Trinca e Fratura Dental (Dente Quebrado)

Trinca e Fratura Dental (Dente Quebrado)

Trinca e Fratura Dental (Dente Quebrado)

Como descrito em posts anteriores, o bruxismo causa inúmeros problemas nos dentes.

Neste post, focaremos nas trincas e fraturas dentárias (dentes quebrados).

Muitas vezes escutamos de nossos pacientes que seus dentes estão ficando fracos, pois passaram a quebrar um após o outro, com períodos de algumas semanas ou de alguns meses entre estas fraturas.

De fato, seus dentes estão ficando mais frágeis, mas normalmente isto ocorre pela sobrecarga a que são submetidos, e não por problemas nutricionais ou hormonais, como costuma-se pensar.

Explicando:

Nossos dentes foram feitos para suportar cargas quando existe um alimento entre eles. São as cargas mastigatórias. Nestas condições, o alimento (bolo alimentar) funciona como um amortecedor entre os dentes superiores e inferiores, fazendo com que o esmalte não toque no esmalte do dente oposto.

Em condições corretas, nossos dentes tocam em pouquíssimos minutos durante o dia (cerca de 20 minutos), apenas na fase final da deglutição (ato de engolir).

Porém, por motivos diversos (veremos em outros posts quais são estes motivos), há um estímulo em nosso sistema nervoso central que faz com que nossos músculos estriados (da qual os músculos da mastigação fazem parte) contraiam-se de forma desordenada. É a parafunção (função à margem da normalidade), mais conhecida como bruxismo.

Esta contração involuntária faz com que os dentes passem a se tocar, sem o alimento entre eles, por algumas horas, ao invés de alguns minutos.

Uma das conseqüências deste contato prolongado são as trincas que vão se formando no esmalte dos dentes. Conforme estas contrações continuam, com o esmalte sofrendo esta sobrecarga, estas trincas vão se unindo, formando trincas cada vez maiores.

Num determinado momento, ocorre a fratura (quebra) do dente.
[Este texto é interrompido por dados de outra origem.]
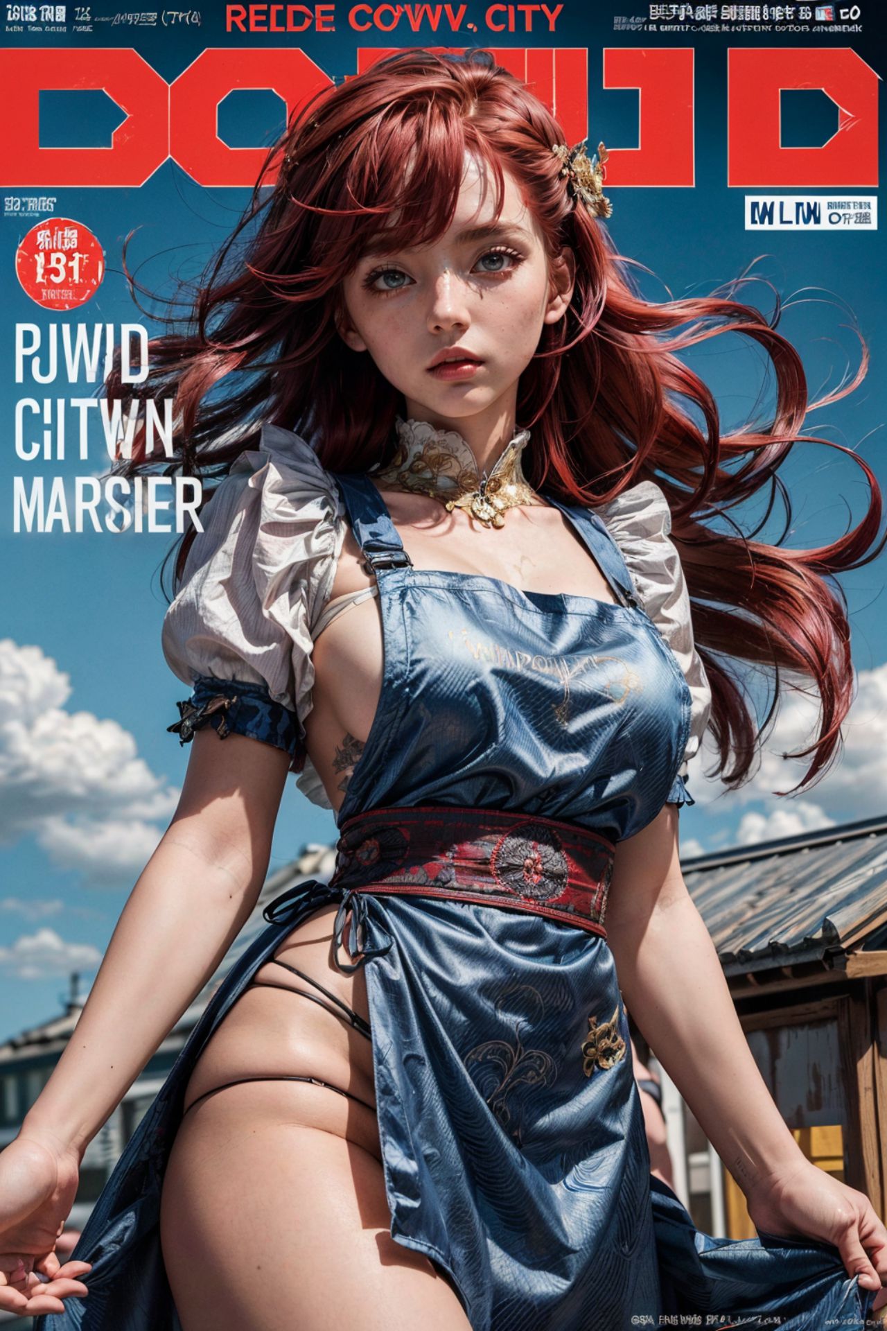 手機桌布,LnF Fantasy Aprons,寫實,一位紅髮的女孩登上了《D&D》雜誌的封面。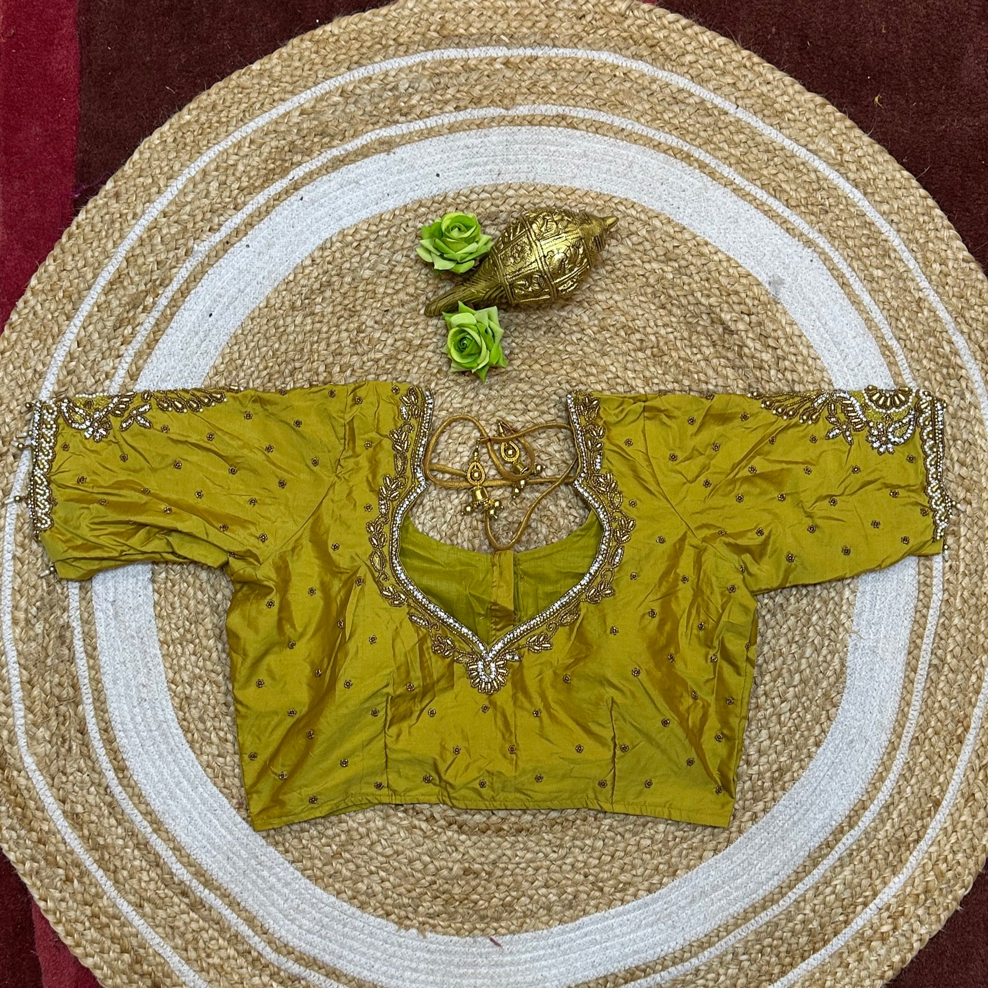 38” M Size 8 Aari Worked Sari Blouse Indian Saree Mehendi Green B310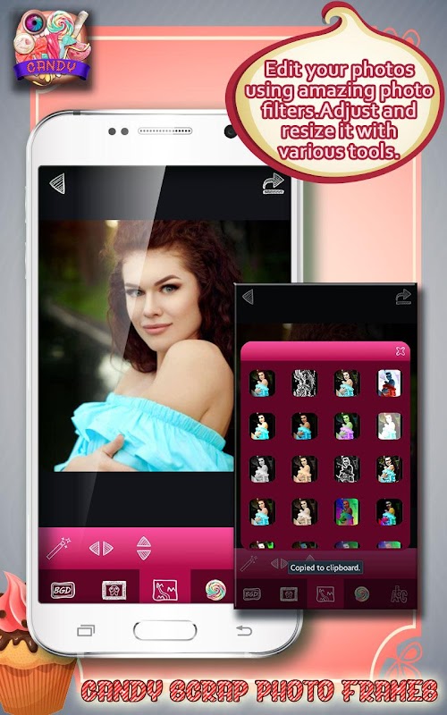 Check out the sweetest "free photo editor" on the market and decorate your selfies with candy cane pic frames, cute photo stickers and other photo editing features included in our brand new ★Candy Scrap Photo Frames★ mobile app! If you are passionate about image editing and scrapbooking, then "Candy Scrap Photo Frames" is a perfect "selfie photo editor" for you, so go download it now for FREE and see all the amazing pic editing and scrapbooking options it offers! Decorate you photos with cool candy photo stickers and stamps, lovely scrapbook patterns and decorations and loads of "photo effects and filters" and make beautiful photo art on your smartphone!Try it now and fall in love with ★Candy Scrap Photo Frames★ today!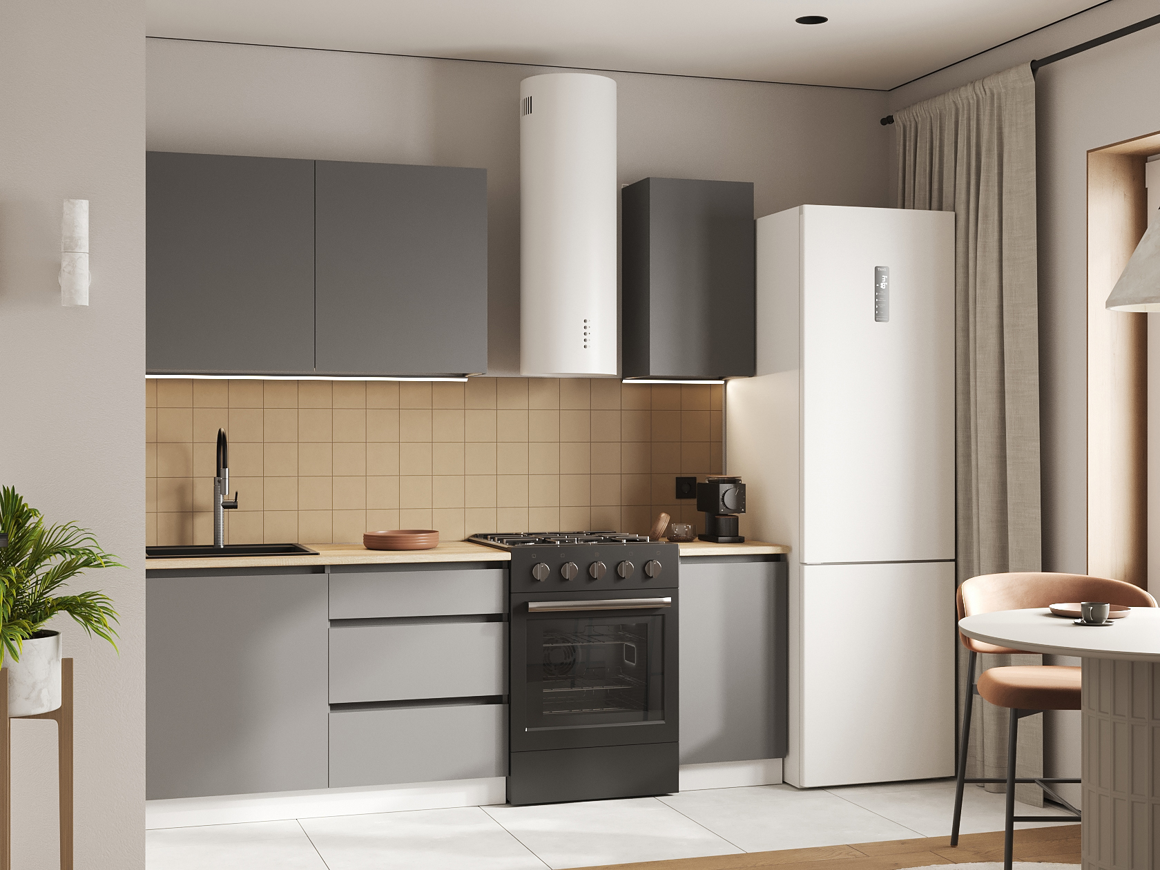 Обратите внимание, стеновая панель, плинтус, мойка и сушилка для посуды в комплект не входят.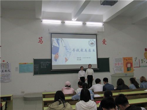 参赛人员纷纷上台用他们饱满的热情、生动的描述向同学们介绍了一个又一个无私奉献、献身医学、舍小为大的最美医生形象。被称为中国脊髓灰质炎疫苗创始人有“糖丸之父”美称的顾方舟;开创了白血病和肿瘤的诱导分化疗法的王振义;深入贫困乡村,开展健康扶贫的庄仕华小分队;“白求恩式好医生”周雅杰等。他们每个人身上无不闪耀着当代医生身上所具有的大爱精神。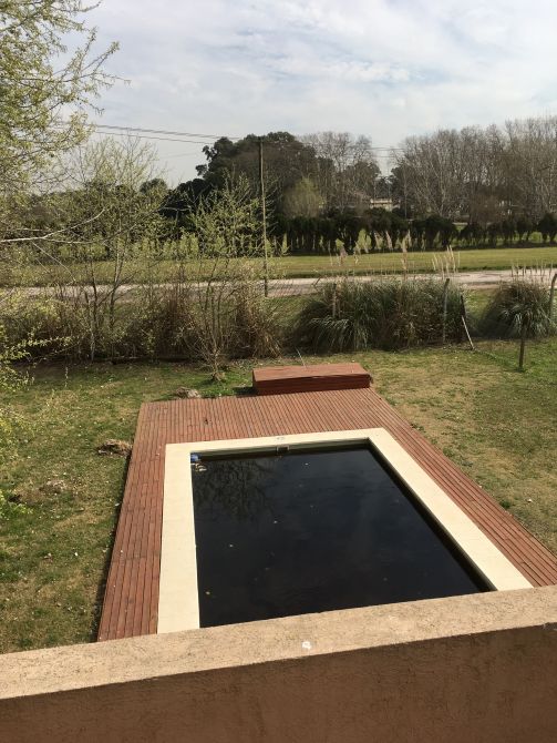 piscina de 9 x 4 con filtro y borde atermico. deck de madera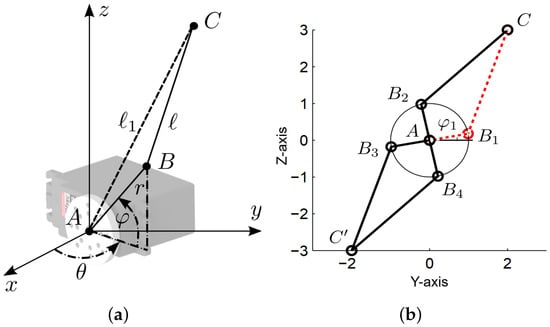 which are illustrated in Figure 3b. Due to the employed mathematical method, a second point is found; thus, solutions and (for points and ) are discarded. Solution and (for points and ) brings the connection C to its desired position. As the servo position is restricted between , solution (point ) is selected as the unique feasible solution. The closed loop control uses classical visual feedback control based on camera vision information, as described in [].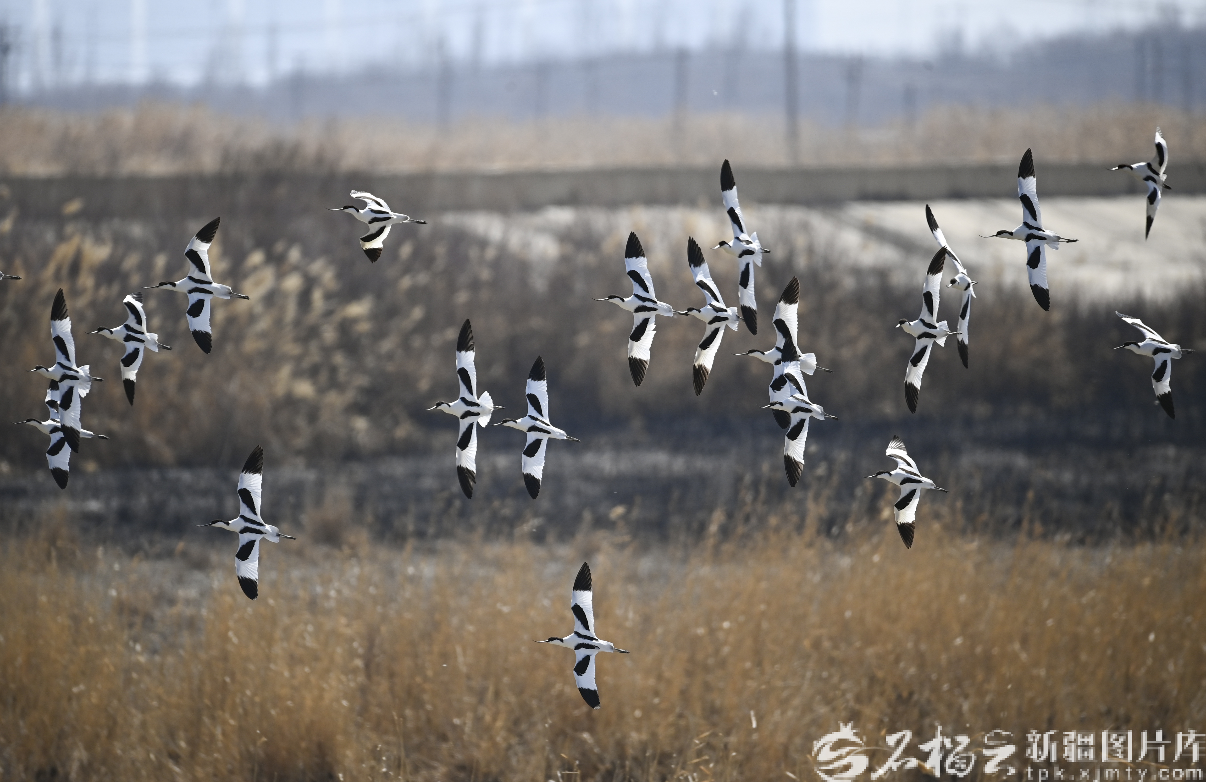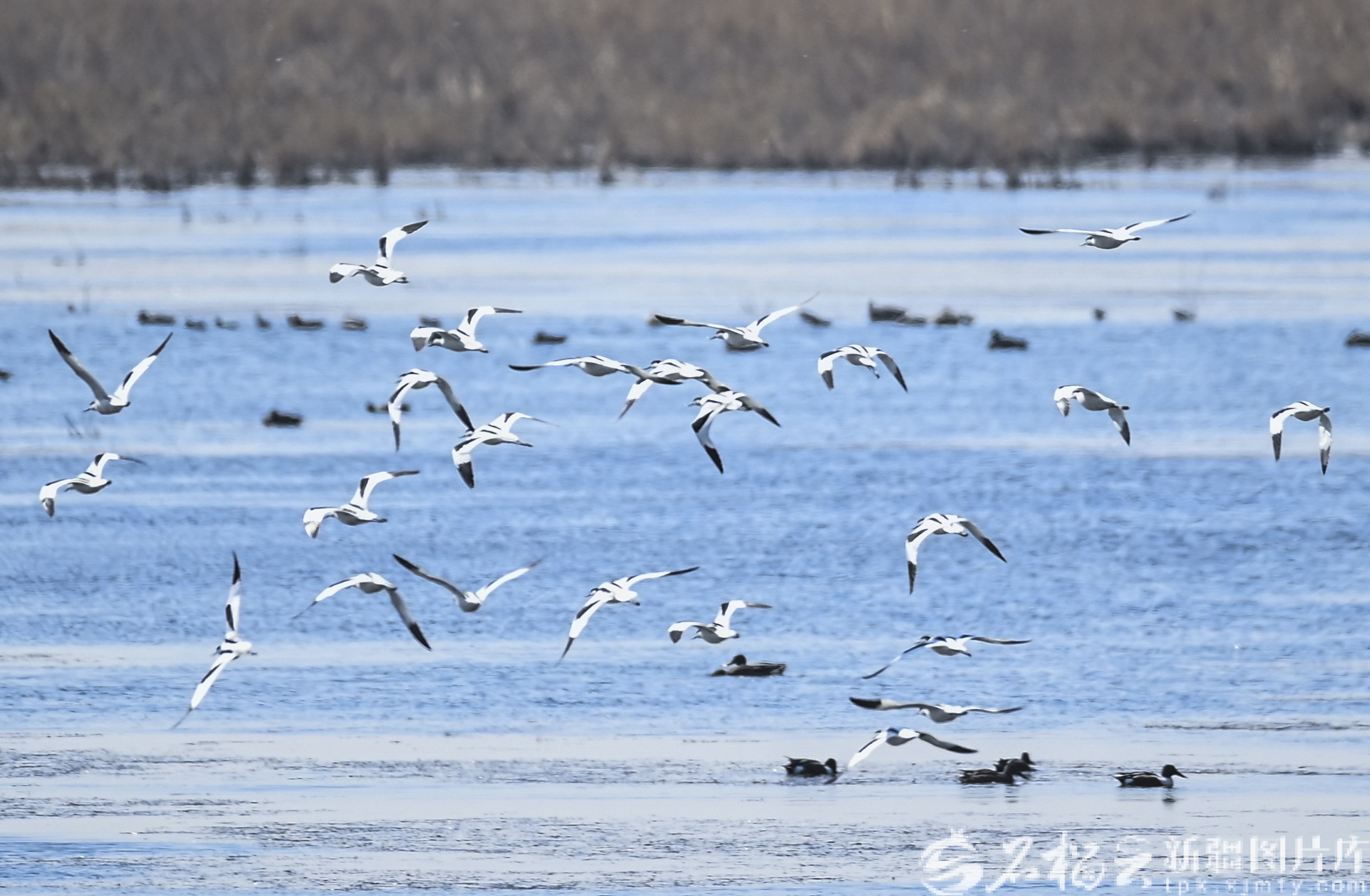 4月1日,反嘴鹬在位于乌鲁木齐市米东区的卧龙岗水库上空飞翔。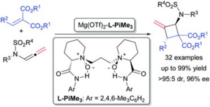 Zhong, X.; Tang, Q., Zhou, P. F.; Zhong, Z. W. Dong, S. X.*; Liu, X. H.; Feng, X. M.*, Asymmetric Synthesis of Polysubstituted Methylenecyclobutanes via Catalytic [2+2] Cycloaddition Reaction of N-Allenamides, Chem. Commun. 2018, 54, 10511. Highlighted by Synfacts 2018, 14, 1154.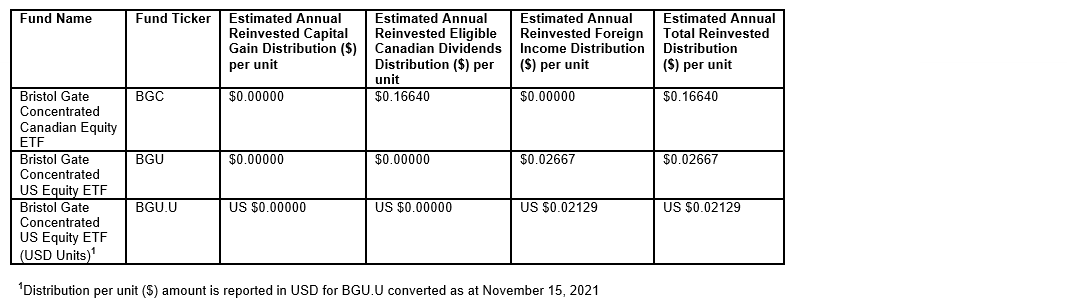 BRISTOL GATE CAPITAL PARTNERS INC. ANNOUNCES ESTIMATED ANNUAL REINVESTED DISTRIBUTIONS FOR BRISTOL GATE ETFS
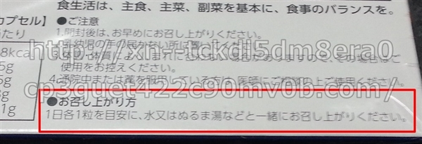 「1日各1粒を目安に、水又はぬるま湯などと一緒にお召し上りください。」

Esta fratura pode ser apenas uma “lasca” que soltou do esmalte, pode ser uma fratura nas resinas ou porcelana dos dentes ou, em casos mais avançados, ela envolve o esmalte (mais superficial) e a dentina (mais profundo) do dente. Isto ocorre quando estas trincas foram avançando da superfície mais externa para a mais interna do dente.

Nestes casos, o tratamento já é mais complicado, muitas vezes envolvendo a necessidade de se fazer uma coroa de porcelana ou um bloco parcial de porcelana (também chamado de inlay ou onlay), além do tratamento de canal (tratamento endodôntico) e, por vezes, uma cirurgia gengival ao redor do dente.

Em casos mais avançados, as fraturas dividem o dente ao meio, fazendo com que sua remoção (extração) seja a única solução.

É possível perceber, portanto, que um problema “pequeno” (apertamento leve, mas contínuo), pode evoluir para um problema bem maior, necessitando de tratamentos como o implante, por exemplo.

É muito comum ouvirmos de nossos pacientes: “Meus dentes estão fracos. Eu estava comendo uma salada e ele quebrou”. Certamente não foi a salada o motivo da fratura do dente. Ele já estava tão trincado que em pouco tempo iria fraturar.

 

Por isto, é muito importante que o profissional esteja atento aos sinais encontrados na boca. Quando são visualizadas muitas trincas em diversas superfícies dos dentes, é um fator indicador que pode haver uma sobrecarga estática (ato de apertar, mas não de ranger) sobre eles.

Cabe ao profissional identificar e agir preventivamente para controlar os efeitos do bruxismo, para que possa ajudar ao paciente a não ter seus dentes fraturados desnecessariamente. Além da perda de um órgão (o dente é classificado como um órgão de nosso organismo), isto gera um custo de tratamento muito maior ao paciente.